After building several of these systems and reviewing others, I see the same mistakes repeatedly.

Mistake 1: Building an Agent When a Chatbot Would Do

I have seen teams spend months building an agent with tool calling, memory, and orchestration — for a use case that is fundamentally "take user input, generate text output." If the task does not require multiple steps, external data, or state changes, an agent adds cost, latency, and failure modes with no benefit.

The fix: Before building an agent, ask: "Can this be solved with a well-crafted system prompt and one API call?" If yes, start there.

Mistake 2: Building a Chatbot When You Need an Agent

The opposite mistake.
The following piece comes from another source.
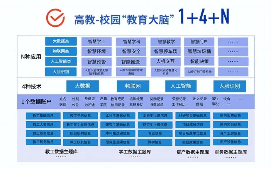 三盟科技深耕教育行業7載,率先運用大數據、人工智能、物聯網、人臉識別等新一代信息技術,推出校園“教育大腦”EDU BRAIN戰略作為校園核心決策中心,圍繞“1+4+N”(1個數字賬戶+4種核心技術+N種應用場景)打造智慧校園整體解決方案。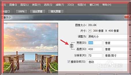 如图,此时我们需要在图像大小窗口,取消“限制长宽比”的图标。

A team builds a chatbot for a task that requires the model to look up information, make decisions based on that information, and take actions. They end up hard-coding every possible path, creating a brittle decision tree disguised as an AI feature.

The fix: If you find yourself writing if/else chains to handle what the model should do after getting data, you probably need to let the model drive the loop.

Mistake 3: No Iteration Limit on the Agent Loop

I have seen agent loops that burn through $50 in API calls because the model got confused and kept calling the same tool in a loop. The maxIterations guard in the code above is not optional — it is the most important safety mechanism in your agent.

The fix: Always set a maximum iteration count. Start conservative (5-10) and increase based on observed behavior.

Mistake 4: Treating Tool Calls as Reliable

Tool calls from an LLM are suggestions, not guaranteed-correct function invocations. The model can hallucinate tool names, provide invalid arguments, or call the wrong tool entirely. Every tool call needs validation, error handling, and retry logic. I covered this extensively in tool calling patterns for reliable AI agents.

Mistake 5: Skipping Observability

A chatbot that gives a bad answer is easy to debug — check the prompt, check the response. An agent that takes 12 steps and produces a bad outcome requires tracing every tool call, every intermediate result, and every decision point. If you are building agents without structured logging and tracing from day one, you are building a black box.


The Bottom Line

The difference between a chatbot and an agent is not about branding. It is about architecture:

  • Chatbot: human drives the loop, model responds
  • Agent: model drives the loop, human sets the goal

Start with the simplest pattern that solves your problem. Move up the spectrum only when you hit a real limitation, not because "agent" sounds better in a pitch deck. The right architecture is the one that delivers value without unnecessary complexity — and in my experience, that is a tool-calling chatbot more often than most teams want to admit.